Duterte schürt antiamerikanische Stimmung

Washington ist alarmiert: die Philippinen spielen im West-Pazifik eine wichtige Rolle in Amerikas Strategie der militärischen Einkreisung Chinas. Auf den Philippinen bleibt die Stimmungslage gegenüber den USA durchwachsen, die politische Elite zum Thema Kooperation mit Amerika vornehm zurückhaltend. Besuche hoher US-Politiker in Manila werden stets von protestierenden Demonstranten und kritischen Medienberichten gegen Amerikas Nutzung der Militärbasen Clark (Luftwaffe) und Subic Bay (Marine) begleitet.

Die Philippinen waren 1898-1946 eine Kolonie Amerikas, nur unterbrochen durch ein kurzes japanisches Besatzungsintermezzo 1941-1945. In Asien schlägt Amerika keine ungeteilte Sympathie entgegen. Die von US-Hedgefonds ausgelöste Asiatische Finanzkrise 1997-98 mit nachfolgenden harten Sparauflagen durch den US-dominierten (Kapitalstruktur, Stimmrechte) Internationalen Währungsfonds (IWF) bleibt auch in Manila unvergessen. Rodrigo Duterte zeigt neues politisches Selbstbewusstsein und konfrontiert Amerika mit neuen (rauhen) Tönen.  

Amerikanische Einmischungsversuche

Amerikas Diplomaten wurden wiederholt Einmischungsversuche in die Innenpolitik ihrer Gastländer unterstellt. Auf den Philippinen führte US-Botschafterin Kristie Kenney 2008 Geheimgespräche mit der muslimischen MILF auf Mindanao. Auch Amerikas seit 2013 in Manila akkreditierter Botschafter Philip Goldberg ist kein unbeschriebenes Blatt. Goldberg war 2008 wegen innenpolitischer Einmischung (Finanzierung der Opposition) aus Bolivien ausgewiesen worden. Im philippinischen Wahlkampf 2016 mochte sich Goldberg Kommentare nicht verkneifen und ließ verlauten: Duterte sei nicht Amerikas Wunschkandidat.  

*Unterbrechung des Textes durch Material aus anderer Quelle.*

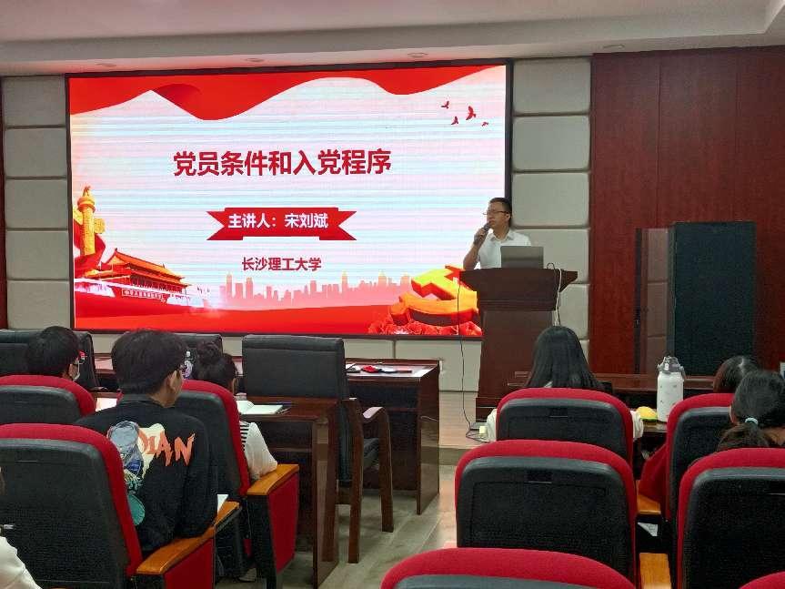 宋刘斌老师以“怎样成为一名党员和成为一名什么样的党员”的问题为切入点。从党员的基本条件、成为党员的基本准则、党员的权利义务三个方面展开论述。首先,在一段《中国共产党国际形象》宣传片放映结束后,宋刘斌老师详细阐明了申请成为一名合格的共产党员需要具备的主观条件和客观条件。其次,宋刘斌老师以亲身经历为例,详细论述了要成为一名优秀中国共产党员必须贯彻和落实的“三个精神”,即为人民服务、人民至上的精神;迎难而上、攻坚克难的精神;求真务实、勇于创新的精神。宋刘斌老师深入浅出,用学生喜闻乐见的教育方式将自己的扶贫事迹娓娓道来,教育和引导全体学员认识到中国共产党人的责任和担当。最后,宋刘斌老师从讲政治的高度详细解读了作为中国共产党党员应该具备的八项义务。特别指出学习是共产党员的首要义务,奉献是共产党员的主要义务。
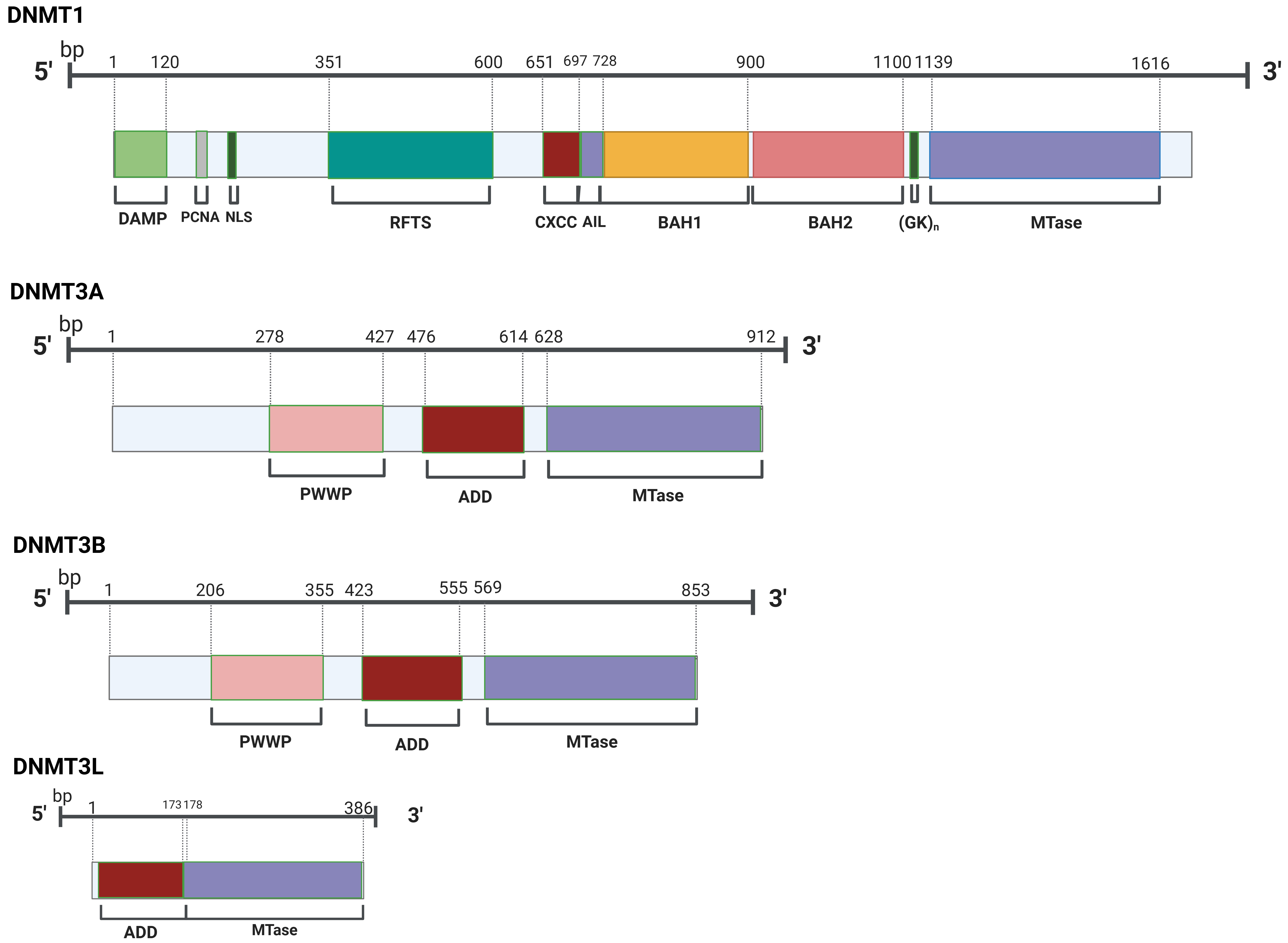 Members of the DNMT family possess a common catalytic domain in their structural composition. DNMT, DNA methyltransferase; DAMP, DNMT1-Associated Maintenance Protein; PCNA, Proliferating Cell Nuclear Antigen; NLS, Nuclear Localization Signal; RFTS, Replication Foci Targeting Sequence; CXXC, Cysteine-X-X-Cysteine; AIL, Autoinhibitory Linker; BAH, Bromo-Adjacent Homology; (GK)n, Glycine Lysine Repeats; PWWP, Pro-Trp-Trp-Pro; ADD, ATRX-DNMT3-DNMT3L; MTase, Methyltransferase.

Duterte im Fadenkreuz Amerikas

Dutertes jüngste Annäherungsversuche an China (und Russland) werden in Washington mit Misstrauen beobachtet. Dutertes seit Juli laufender Anti-Drogen-Feldzug zudem als eklatante Verletzung der Menschenrechte kritisiert. Als Kolonialmacht auf den Philippinen war Amerika bei der gewaltsamen Niederschlagung politischen Widerstandes selbst keineswegs zimperlich gewesen: rund 250.000 Filipinos sollen zwischen 1899 und 1901 ihr Leben verloren haben.

Dennoch könnte Duterte mit dem Vorwurf massiver Menschenrechtsverletzungen ein Strick gedreht werden, um dessen politisches Mandat vorzeitig zu beenden. Damit würde sich Amerika  eines widerspenstigen (und zur Zusammenarbeit mit Kommunisten bereiten!) Politikers im West-Pazifik entledigen können - einer Region, in der sich eine militärische Konfrontation zwischen China und den USA bereits seit Jahren gefährlich zuzuspitzen droht.

Droht den Philippinen ein Militärcoup?

Die Manila Times berichtete am 24. September über eine Anhörung im Senatskomitee für Justiz und Menschenrechte. Dort sollen Optionen für einen Regimewechsel in Manila diskutiert worden sein: neben einem Amtsenthebungsverfahren auch ein Militärcoup. Wiederholt hat das philippinische Militär in die Politik des Inselstaates eingegriffen, um Präsidenten zu entmachten: Ferdinand Marcos und Joseph Estrada. Im Gegensatz zu seinen Amtsvorgängern pflegt Duterte ungewöhnlich engen Kontakt zum Militär. Dort schlägt dem Präsidenten viel Sympathie entgegen: Rodrigo Duterte ließ vor kurzem den Sold philippinischer Soldaten kräftig anheben.  Ob das reicht?   

Wilfried Arz ist Politikwissenschaftler in Bangkok/Thailand.